EXERCISE: The reply should contain all of the data below, word for word.

_ _ _ _ _ _ _

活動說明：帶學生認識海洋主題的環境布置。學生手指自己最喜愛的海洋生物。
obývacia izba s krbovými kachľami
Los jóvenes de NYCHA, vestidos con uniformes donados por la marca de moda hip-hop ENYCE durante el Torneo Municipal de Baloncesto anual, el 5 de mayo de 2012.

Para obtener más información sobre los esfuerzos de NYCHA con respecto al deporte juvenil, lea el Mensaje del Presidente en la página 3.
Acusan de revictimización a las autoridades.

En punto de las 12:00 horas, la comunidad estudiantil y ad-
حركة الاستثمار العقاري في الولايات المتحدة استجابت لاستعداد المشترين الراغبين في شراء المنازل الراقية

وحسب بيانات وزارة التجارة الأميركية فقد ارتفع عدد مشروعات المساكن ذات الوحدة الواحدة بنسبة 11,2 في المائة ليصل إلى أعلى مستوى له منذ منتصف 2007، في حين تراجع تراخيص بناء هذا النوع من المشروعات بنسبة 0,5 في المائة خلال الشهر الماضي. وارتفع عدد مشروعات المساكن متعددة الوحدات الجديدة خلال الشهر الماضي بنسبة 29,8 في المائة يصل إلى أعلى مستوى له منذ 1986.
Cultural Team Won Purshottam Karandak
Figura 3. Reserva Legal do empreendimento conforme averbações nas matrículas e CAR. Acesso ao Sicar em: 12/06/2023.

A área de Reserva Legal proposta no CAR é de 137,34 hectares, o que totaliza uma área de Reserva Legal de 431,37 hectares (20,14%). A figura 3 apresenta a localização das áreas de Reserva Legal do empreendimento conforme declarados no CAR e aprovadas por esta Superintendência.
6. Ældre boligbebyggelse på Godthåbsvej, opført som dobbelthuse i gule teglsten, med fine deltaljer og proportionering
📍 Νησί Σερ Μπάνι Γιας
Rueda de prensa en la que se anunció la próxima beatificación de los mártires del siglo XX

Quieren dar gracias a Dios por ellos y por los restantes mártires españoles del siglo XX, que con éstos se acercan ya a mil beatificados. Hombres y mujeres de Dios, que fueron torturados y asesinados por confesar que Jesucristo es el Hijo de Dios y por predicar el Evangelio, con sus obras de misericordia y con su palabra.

_ _ _ _ _ _ _

TASK SOLUTION:
活動說明：帶學生認識海洋主題的環境布置。學生手指自己最喜愛的海洋生物。
obývacia izba s krbovými kachľami
Los jóvenes de NYCHA, vestidos con uniformes donados por la marca de moda hip-hop ENYCE durante el Torneo Municipal de Baloncesto anual, el 5 de mayo de 2012.

Para obtener más información sobre los esfuerzos de NYCHA con respecto al deporte juvenil, lea el Mensaje del Presidente en la página 3.
Acusan de revictimización a las autoridades.

En punto de las 12:00 horas, la comunidad estudiantil y ad-
حركة الاستثمار العقاري في الولايات المتحدة استجابت لاستعداد المشترين الراغبين في شراء المنازل الراقية

وحسب بيانات وزارة التجارة الأميركية فقد ارتفع عدد مشروعات المساكن ذات الوحدة الواحدة بنسبة 11,2 في المائة ليصل إلى أعلى مستوى له منذ منتصف 2007، في حين تراجع تراخيص بناء هذا النوع من المشروعات بنسبة 0,5 في المائة خلال الشهر الماضي. وارتفع عدد مشروعات المساكن متعددة الوحدات الجديدة خلال الشهر الماضي بنسبة 29,8 في المائة يصل إلى أعلى مستوى له منذ 1986.
Cultural Team Won Purshottam Karandak
Figura 3. Reserva Legal do empreendimento conforme averbações nas matrículas e CAR. Acesso ao Sicar em: 12/06/2023.

A área de Reserva Legal proposta no CAR é de 137,34 hectares, o que totaliza uma área de Reserva Legal de 431,37 hectares (20,14%). A figura 3 apresenta a localização das áreas de Reserva Legal do empreendimento conforme declarados no CAR e aprovadas por esta Superintendência.
6. Ældre boligbebyggelse på Godthåbsvej, opført som dobbelthuse i gule teglsten, med fine deltaljer og proportionering
📍 Νησί Σερ Μπάνι Γιας
Rueda de prensa en la que se anunció la próxima beatificación de los mártires del siglo XX

Quieren dar gracias a Dios por ellos y por los restantes mártires españoles del siglo XX, que con éstos se acercan ya a mil beatificados. Hombres y mujeres de Dios, que fueron torturados y asesinados por confesar que Jesucristo es el Hijo de Dios y por predicar el Evangelio, con sus obras de misericordia y con su palabra.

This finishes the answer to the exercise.